Monday, May 2, 2016

A blog in the making...



This blog has been a long time in the making.  I've made efforts in the past, only to have them fizzle from the start.  And so, I have waited.  And waited.  Trying to figure out God’s plan, only to keep putting it off as the timing hasn’t been right.  I’ve shared various blog ideas with my husband; plans to sell my crafts online, plans to share the things I have made.  Plans to do with me.  And, yet, again, the time wasn’t right.  Neither was the plan.

Then, a year or so ago, I felt God’s leading.  Again, I put it off due to the many excuses of balancing being a wife,  motherhood, illness and just being busy.  Then, on my 42nd birthday, we received the news that our landlord was selling the home we had lived in for over 5 years,  causing us to leave amazing friends and neighbors, and ultimately moving an hour away from home.  Thankfully, we moved closer to my husband’s work.  But, we are no longer close to church, schools or friends.  And it’s been a hard road.  We are renting the home of my dreams, but haven’t made many friends in the past 8 months.  We’ve added gymnastics classes, youth groups, etc. to our schedule and are slowly beginning to reach out to others.  Being the introvert that I am, this is HARD.  I’m much better staying home and being quiet.  My 8 year old daughter, however, has never met a stranger.  Everyone is her friend, despite the fact she can’t remember anyone’s name.  And so I have been forced to step out of my comfort zone.

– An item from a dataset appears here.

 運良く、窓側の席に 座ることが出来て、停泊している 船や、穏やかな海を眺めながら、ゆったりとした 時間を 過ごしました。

Enter the gentle nudging of God’s plan again.  Instead of being about me, I began to realize that God’s plan was much different than my own.  My husband has often told me I have the gift of encouragement, but I wasn’t using it fully.  Again, I let fear stand in the way.  Many years ago, before I had children of my own, I used to write letters.  I would send verses to friends and church members as God led me to.  I stopped, out of fear of offending someone.

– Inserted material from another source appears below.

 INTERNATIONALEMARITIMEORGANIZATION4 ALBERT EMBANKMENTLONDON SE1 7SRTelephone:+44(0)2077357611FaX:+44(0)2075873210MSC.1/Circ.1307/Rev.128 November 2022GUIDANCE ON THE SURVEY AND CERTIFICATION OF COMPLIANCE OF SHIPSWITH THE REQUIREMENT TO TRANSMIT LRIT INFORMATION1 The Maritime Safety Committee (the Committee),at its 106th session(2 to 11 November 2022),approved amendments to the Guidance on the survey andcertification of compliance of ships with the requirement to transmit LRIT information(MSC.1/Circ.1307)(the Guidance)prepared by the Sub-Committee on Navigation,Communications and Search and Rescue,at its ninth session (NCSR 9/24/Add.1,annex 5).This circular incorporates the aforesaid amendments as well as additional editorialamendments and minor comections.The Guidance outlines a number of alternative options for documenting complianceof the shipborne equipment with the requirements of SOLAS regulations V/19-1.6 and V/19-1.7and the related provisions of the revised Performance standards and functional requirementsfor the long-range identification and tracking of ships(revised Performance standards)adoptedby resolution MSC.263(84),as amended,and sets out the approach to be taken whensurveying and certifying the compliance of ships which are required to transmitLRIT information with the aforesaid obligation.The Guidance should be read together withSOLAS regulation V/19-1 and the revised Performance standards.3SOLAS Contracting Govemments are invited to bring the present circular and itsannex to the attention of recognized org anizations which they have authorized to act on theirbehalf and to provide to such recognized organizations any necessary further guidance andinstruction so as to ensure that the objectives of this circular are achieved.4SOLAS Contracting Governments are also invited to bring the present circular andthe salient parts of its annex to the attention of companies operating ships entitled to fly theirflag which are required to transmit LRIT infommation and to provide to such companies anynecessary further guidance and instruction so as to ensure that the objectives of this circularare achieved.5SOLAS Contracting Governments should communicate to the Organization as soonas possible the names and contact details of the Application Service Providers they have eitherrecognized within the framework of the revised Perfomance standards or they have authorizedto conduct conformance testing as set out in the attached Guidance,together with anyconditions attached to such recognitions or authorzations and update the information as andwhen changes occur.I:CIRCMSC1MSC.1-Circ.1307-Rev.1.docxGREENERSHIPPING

Fast forward 20 or so years and a week ago.  I sat in Starbucks with Richard and poured out what I felt God was leading me to.  A blog of encouragement.  Not only to encourage others, but also to encourage you to reach out and encourage others.  But, I am afraid, again.  Afraid of failure, of not following through.  I had decided not to follow through, as what if I’m the only one reading this?  What if I wasn’t able to reach out to anyone.  And then my husband came home last Sunday and said that God had confirmed to him that I am supposed to step out.  And I cried in fear and relief.  To have the confirmation of God and my husband was what I had been seeking for so long. 

One of the greatest women in my life was Margarita.  She knew more Bible verses than anyone I know.  She knew everyone’s birthdays, anniversaries and other special occasions.  Even when she couldn’t personally hand-write notes herself, she had friends and sisters in the Lord who would write them for her.  These notes were treasured by many and all felt God’s love through Margarita.  So, as I move forward, it is in her memory that I press on. 

My prayer for you is that God will use me to help you encourage one another.  Each week, I plan on encouraging you to reach out to someone with a note, a call or even a text.  It doesn’t have to be fancy, just from your heart.  To God be the glory forever and ever.  Amen.

3 comments:

  1. Brenda, you are such a model of God's love! <3 I am so blessed to know you.